__Information provided__.
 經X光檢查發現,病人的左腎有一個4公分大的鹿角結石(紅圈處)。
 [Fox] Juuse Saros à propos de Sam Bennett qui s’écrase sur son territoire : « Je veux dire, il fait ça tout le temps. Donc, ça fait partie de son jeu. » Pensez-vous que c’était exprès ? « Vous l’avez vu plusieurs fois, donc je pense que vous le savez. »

* * *

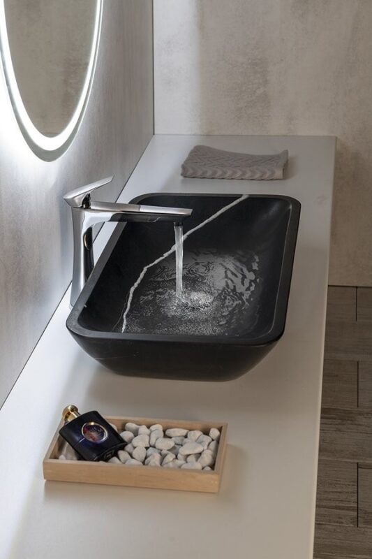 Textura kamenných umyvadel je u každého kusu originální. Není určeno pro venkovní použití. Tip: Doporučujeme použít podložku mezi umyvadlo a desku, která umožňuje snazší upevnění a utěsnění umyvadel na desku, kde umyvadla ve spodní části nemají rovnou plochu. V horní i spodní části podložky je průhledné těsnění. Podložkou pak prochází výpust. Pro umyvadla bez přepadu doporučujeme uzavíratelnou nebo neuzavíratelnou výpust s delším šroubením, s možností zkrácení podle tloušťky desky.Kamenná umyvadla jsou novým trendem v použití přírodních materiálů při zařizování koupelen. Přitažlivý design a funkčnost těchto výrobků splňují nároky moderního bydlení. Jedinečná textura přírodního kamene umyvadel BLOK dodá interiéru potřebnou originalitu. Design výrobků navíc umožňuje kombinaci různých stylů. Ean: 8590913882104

__Task statement__.
Copy the stretch of the records above that runs from the line with "經X光檢查發現,病人的左腎有一個4公分大的鹿角結石(紅圈處)。" through the line with "[Fox] Juuse Saros". Both end lines belong in the copy, and nothing else does.

__Expected output__.
 經X光檢查發現,病人的左腎有一個4公分大的鹿角結石(紅圈處)。
 [Fox] Juuse Saros à propos de Sam Bennett qui s’écrase sur son territoire : « Je veux dire, il fait ça tout le temps. Donc, ça fait partie de son jeu. » Pensez-vous que c’était exprès ? « Vous l’avez vu plusieurs fois, donc je pense que vous le savez. »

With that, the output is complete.